Himanshu Upadhyay : Thank you. Moderator: Thank you. We have the next question from the line of Saket Mehrotra from Tusk Investments. Please go ahead.
Saket Mehrotra: I heard that you were talking about a guidance of about Rs.700 Crores revenue by FY2025? Is there any sort of interim guidance you have set for FY2024?
Deepak Jalan: Not really as I mentioned that of course we are looking at a CAGR of about 20% to 25% so that can be taken as a guidance, but we have not given any number for FY2024, but as soon as we revise the guidance from Rs.650 Crores to Rs.700 Crores for FY2025.
Saket Mehrotra: Okay and the other thing there was also mention of that the annual operating EBITDA margin roughly you are looking at about 14% odd so this quarter I think we did about 15% so is this like one off or do we expect this to normalize at 14%?
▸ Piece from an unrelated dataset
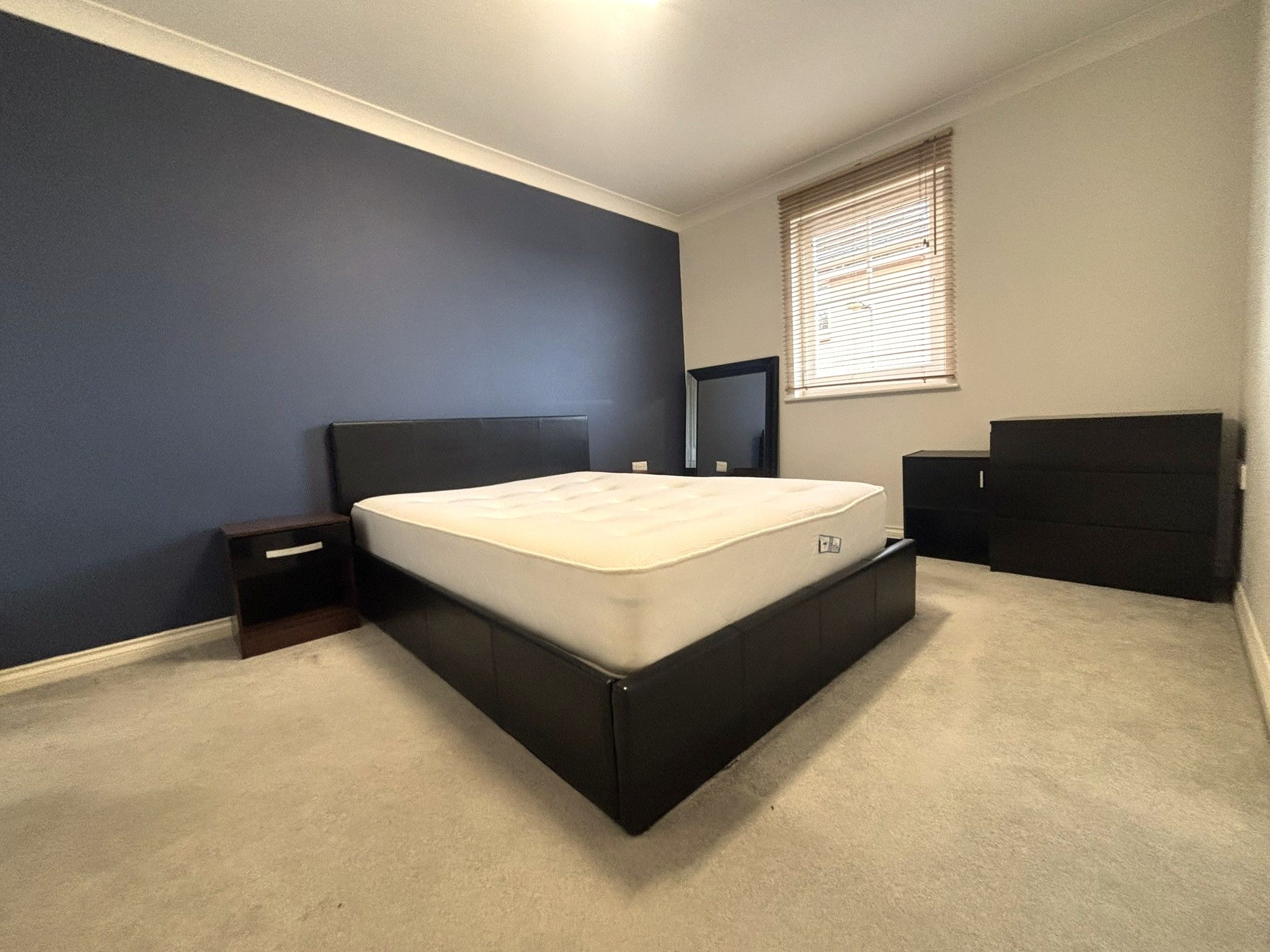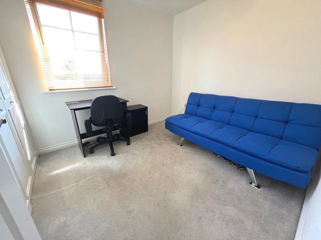 Bedroom 2 - 2.76m x 2.62m - featuring double glazed UPVC window with venetian blinds, built in wardrobe, pendant light fitting & carpeted flooring.

Deepak Jalan: No it is not one off. In this quarter we achieved 14.6% to be precise but I like to admit that this quarter the polymer prices have been one of the lowest so that has benefited us and so currently we can see some upward trend in the polymer prices, but having said that because our product mix is improving every month so we can offset such price increases so we should be able to maintain this around 14%.
Saket Mehrotra: Okay thank you so much and all the best.
Moderator: Thank you. We have the next question from the line of Darshil Jhaveri from Crown Capital. Please go ahead.
Darshil Jhaveri: Thank you so I just wanted to first congratulate on a great set of results so one of my question is also very related to a previous participants question that our margin we have already done about 14.6% and so the margin with higher scale, economy of scale seems a bit conservative so how much did the polymer price impacted us like that because even last quarter we did above 12% so how much differential could that be right now?
Deepak Jalan: Yes so I think the contribution of polymer prices in this would be maybe about over 100 basis points maybe 100 basis or 150 basis points. Nine months is 12.7% EBITDA and of course this quarter has been more than 14.5 but of course with scale definitely we should be able to maintain or actually improve upon this but we just like to be a little conservative because maybe in some quarter there can be higher ad spend if we are launching a new product so for those factors we just trying to keep it a little conservative.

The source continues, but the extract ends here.